Source data Start Marker
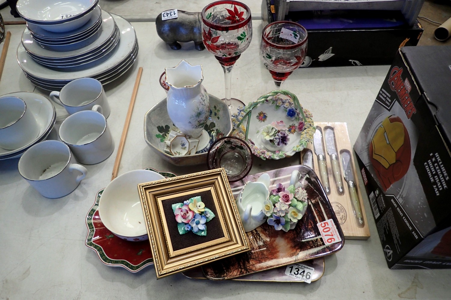 Mixed ceramics and glass to include Royal Doulton and Ansley. Not available for in-house P&P
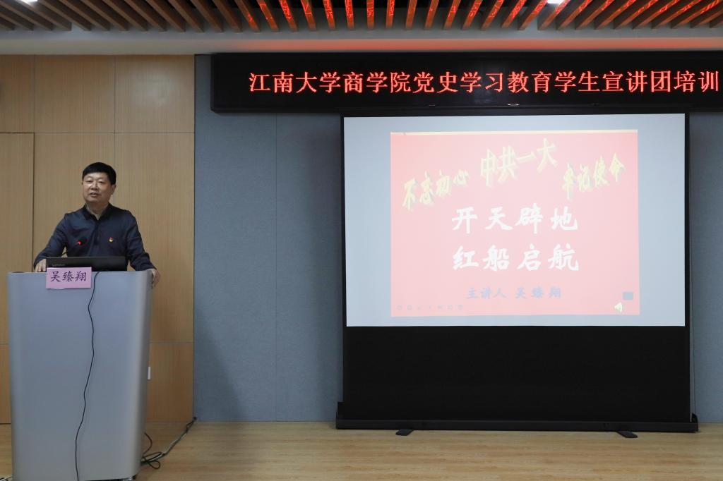 随后,吴臻翔为同学们带来了一场声情并茂、生动精彩的党课。吴臻翔以“什么是中国共产党”开场,引发同学们思考,展开了以“追忆建党光辉史,坚定信念跟党走”为主题的党史教育培训。他详细介绍了中共一大的开展过程以及13位参会党员的未来去向,并以快书、歌唱的方式辅助讲解了雷锋、焦裕禄的故事,赞颂了他们为人民服务的伟大精神。正是“南陈北李”在黄包车上的约定孕育了中国共产党这颗生机勃勃的种子,中国共产党的初心从未改变,就是实现中华民族的伟大复兴,为中国人民谋幸福。最后,他还向宣讲团成员们分享了自己多年的讲课经验,他强调不仅要学习书本知识,也要注重思考实践,在实践中增强宣讲能力,不断磨练推敲宣讲方法。
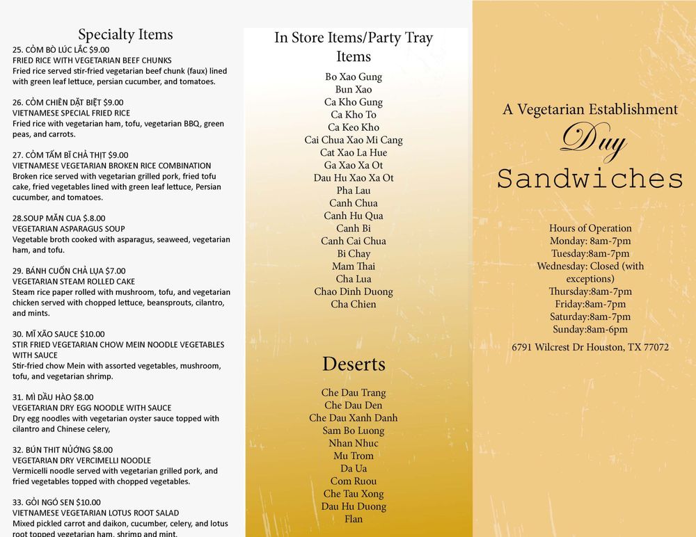 Welcome to Duy Sandwiches, a delightful destination for Vietnamese cuisine located in Houston, TX. This cozy eatery specializes in an array of fresh sandwiches and noodle soups, with standout offerings like their famous banh mi and a variety of vegan and vegetarian options. Whether you're craving the fragrant lemongrass tofu or a classic medium-spiced meat dish, each bite is a testament to the authentic Vietnamese flavor.
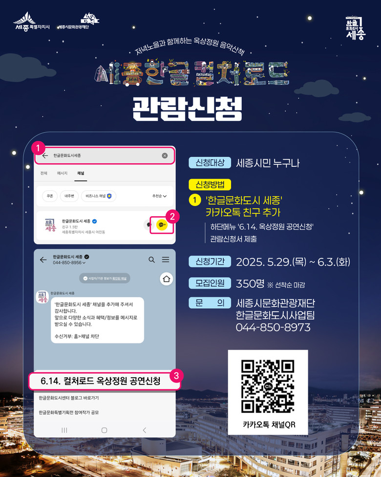 시는 오는 29일부터 내달 3일까지 카카오채널 ‘한글문화도시 세종’(pf.kakao.com/_xauBxnn)을 통해 참가자 350여 명을 선착순 모집하고 내달 4일 개별 문자로 당첨자를 통보할 계획이다.
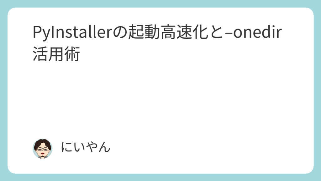 - PyInstallerの–onefileは配布が簡単だが、起動が遅くなる(一時展開処理のため)。
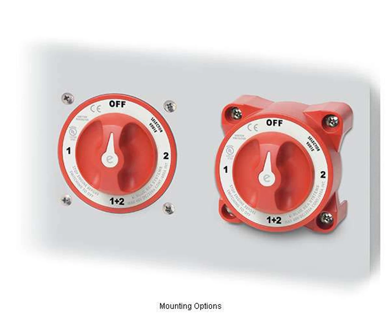 The Blue Sea 9003e e-Series On Off Battery Switch switches a single battery to a single load group.
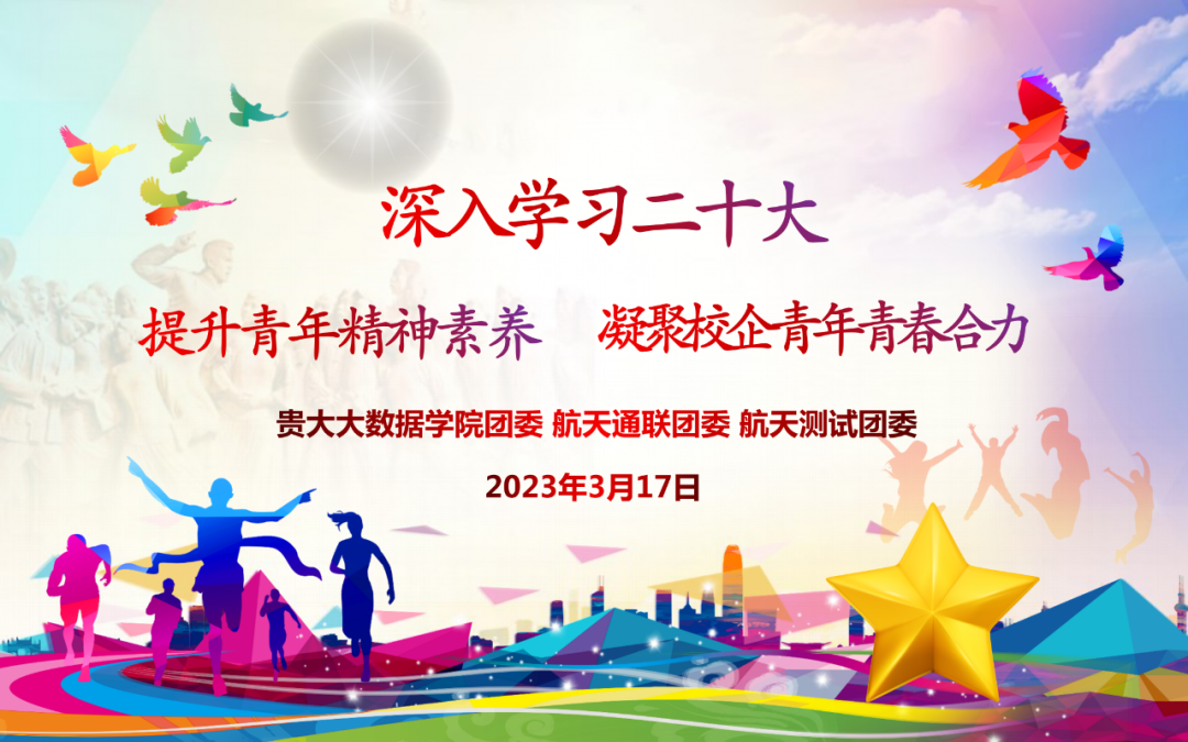 近日,航天通联团委与航天测试团委联合贵州大学大数据与信息工程学院团委,以“深入学习二十大 提升青年精神素养 凝聚校企青年青春合力”为主题开展校企青年联学联建活动,组织部分团干部、青马班学员代表到贵州大学科技园、工程训练中心,与大学青年一起聆听讲座、开展主题交流,实地参观学习,进一步增进校企共青团组织与青年之间友谊,深化青年思想引领,提升青年精神素养,激发青年青春活力,凝聚青年奋进力量。
Source data End Marker
Your copy should run from the line that has "- PyInstallerの" through the last line above, exactly, with both ends in and pictures out.

■ **Reply**:
 - PyInstallerの–onefileは配布が簡単だが、起動が遅くなる(一時展開処理のため)。
 The Blue Sea 9003e e-Series On Off Battery Switch switches a single battery to a single load group.
 近日,航天通联团委与航天测试团委联合贵州大学大数据与信息工程学院团委,以“深入学习二十大 提升青年精神素养 凝聚校企青年青春合力”为主题开展校企青年联学联建活动,组织部分团干部、青马班学员代表到贵州大学科技园、工程训练中心,与大学青年一起聆听讲座、开展主题交流,实地参观学习,进一步增进校企共青团组织与青年之间友谊,深化青年思想引领,提升青年精神素养,激发青年青春活力,凝聚青年奋进力量。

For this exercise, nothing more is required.